_SUPPLIED ENTRIES_.

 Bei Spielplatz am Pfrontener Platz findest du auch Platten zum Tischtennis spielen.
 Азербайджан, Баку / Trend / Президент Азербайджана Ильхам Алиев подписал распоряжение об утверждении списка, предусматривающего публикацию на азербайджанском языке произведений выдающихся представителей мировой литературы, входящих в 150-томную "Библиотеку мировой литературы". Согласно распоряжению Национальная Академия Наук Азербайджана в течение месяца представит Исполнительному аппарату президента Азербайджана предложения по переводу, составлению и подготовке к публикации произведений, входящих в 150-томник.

* * *

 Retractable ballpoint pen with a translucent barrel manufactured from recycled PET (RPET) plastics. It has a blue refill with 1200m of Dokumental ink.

_WHAT THE TASK ASKS_. A verbatim transcription is needed of the lines above, starting at the line with "Bei Spielplatz am" and ending at the line with "Азербайджан, Баку /", both included, and of nothing else.

_WRITTEN RESPONSE_.
 Bei Spielplatz am Pfrontener Platz findest du auch Platten zum Tischtennis spielen.
 Азербайджан, Баку / Trend / Президент Азербайджана Ильхам Алиев подписал распоряжение об утверждении списка, предусматривающего публикацию на азербайджанском языке произведений выдающихся представителей мировой литературы, входящих в 150-томную "Библиотеку мировой литературы". Согласно распоряжению Национальная Академия Наук Азербайджана в течение месяца представит Исполнительному аппарату президента Азербайджана предложения по переводу, составлению и подготовке к публикации произведений, входящих в 150-томник.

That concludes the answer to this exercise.